▶ Supplied records:
========================================================================

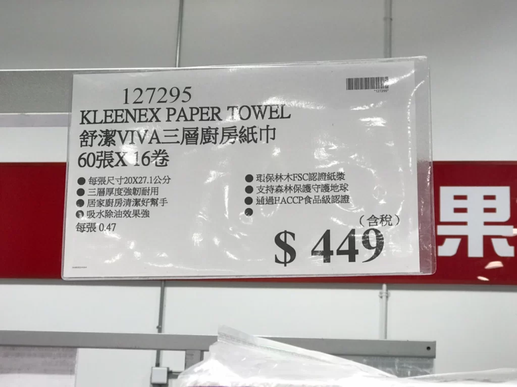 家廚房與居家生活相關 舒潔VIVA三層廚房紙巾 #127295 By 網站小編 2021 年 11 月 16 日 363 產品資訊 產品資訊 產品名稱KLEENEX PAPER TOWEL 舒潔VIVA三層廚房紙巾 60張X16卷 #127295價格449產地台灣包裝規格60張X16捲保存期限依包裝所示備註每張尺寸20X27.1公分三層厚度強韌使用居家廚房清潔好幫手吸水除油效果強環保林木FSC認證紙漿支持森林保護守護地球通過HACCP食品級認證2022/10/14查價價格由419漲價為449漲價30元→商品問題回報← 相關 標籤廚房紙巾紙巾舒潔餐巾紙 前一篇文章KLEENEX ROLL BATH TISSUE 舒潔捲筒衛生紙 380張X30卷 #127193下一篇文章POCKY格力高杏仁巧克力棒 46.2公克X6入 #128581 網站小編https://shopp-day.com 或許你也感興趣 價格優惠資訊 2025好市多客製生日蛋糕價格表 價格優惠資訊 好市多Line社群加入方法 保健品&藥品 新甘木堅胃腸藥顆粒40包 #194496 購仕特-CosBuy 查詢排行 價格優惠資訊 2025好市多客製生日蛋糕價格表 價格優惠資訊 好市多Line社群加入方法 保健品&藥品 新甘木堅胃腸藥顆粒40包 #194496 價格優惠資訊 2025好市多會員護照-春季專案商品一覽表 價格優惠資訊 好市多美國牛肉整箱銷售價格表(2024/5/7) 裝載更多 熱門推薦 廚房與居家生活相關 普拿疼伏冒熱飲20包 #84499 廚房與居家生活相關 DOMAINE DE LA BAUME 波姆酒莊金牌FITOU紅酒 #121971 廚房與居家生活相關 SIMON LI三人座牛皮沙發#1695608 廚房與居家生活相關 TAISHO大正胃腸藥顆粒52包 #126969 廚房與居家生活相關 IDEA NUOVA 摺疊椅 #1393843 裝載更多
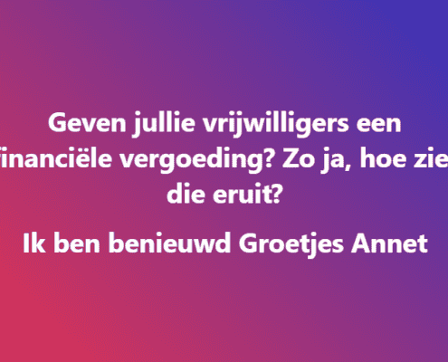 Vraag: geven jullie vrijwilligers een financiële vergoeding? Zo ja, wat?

========================================================================

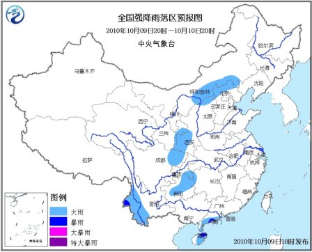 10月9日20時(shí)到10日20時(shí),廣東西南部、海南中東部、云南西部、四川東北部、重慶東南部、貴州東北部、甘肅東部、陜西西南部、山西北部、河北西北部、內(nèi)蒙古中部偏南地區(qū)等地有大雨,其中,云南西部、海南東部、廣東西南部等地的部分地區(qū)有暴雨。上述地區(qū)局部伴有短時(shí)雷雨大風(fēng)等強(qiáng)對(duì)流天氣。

========================================================================

▶ What the exercise asks: In the records above, copy exactly everything from the line that has "家廚房與居家生活相關 舒潔VIVA三層廚房紙巾 #127295" down to the line that has "Vraag: geven jullie", both ends included, and leave out the pictures.

▶ Answer for the task:
 家廚房與居家生活相關 舒潔VIVA三層廚房紙巾 #127295 By 網站小編 2021 年 11 月 16 日 363 產品資訊 產品資訊 產品名稱KLEENEX PAPER TOWEL 舒潔VIVA三層廚房紙巾 60張X16卷 #127295價格449產地台灣包裝規格60張X16捲保存期限依包裝所示備註每張尺寸20X27.1公分三層厚度強韌使用居家廚房清潔好幫手吸水除油效果強環保林木FSC認證紙漿支持森林保護守護地球通過HACCP食品級認證2022/10/14查價價格由419漲價為449漲價30元→商品問題回報← 相關 標籤廚房紙巾紙巾舒潔餐巾紙 前一篇文章KLEENEX ROLL BATH TISSUE 舒潔捲筒衛生紙 380張X30卷 #127193下一篇文章POCKY格力高杏仁巧克力棒 46.2公克X6入 #128581 網站小編https://shopp-day.com 或許你也感興趣 價格優惠資訊 2025好市多客製生日蛋糕價格表 價格優惠資訊 好市多Line社群加入方法 保健品&藥品 新甘木堅胃腸藥顆粒40包 #194496 購仕特-CosBuy 查詢排行 價格優惠資訊 2025好市多客製生日蛋糕價格表 價格優惠資訊 好市多Line社群加入方法 保健品&藥品 新甘木堅胃腸藥顆粒40包 #194496 價格優惠資訊 2025好市多會員護照-春季專案商品一覽表 價格優惠資訊 好市多美國牛肉整箱銷售價格表(2024/5/7) 裝載更多 熱門推薦 廚房與居家生活相關 普拿疼伏冒熱飲20包 #84499 廚房與居家生活相關 DOMAINE DE LA BAUME 波姆酒莊金牌FITOU紅酒 #121971 廚房與居家生活相關 SIMON LI三人座牛皮沙發#1695608 廚房與居家生活相關 TAISHO大正胃腸藥顆粒52包 #126969 廚房與居家生活相關 IDEA NUOVA 摺疊椅 #1393843 裝載更多
 Vraag: geven jullie vrijwilligers een financiële vergoeding? Zo ja, wat?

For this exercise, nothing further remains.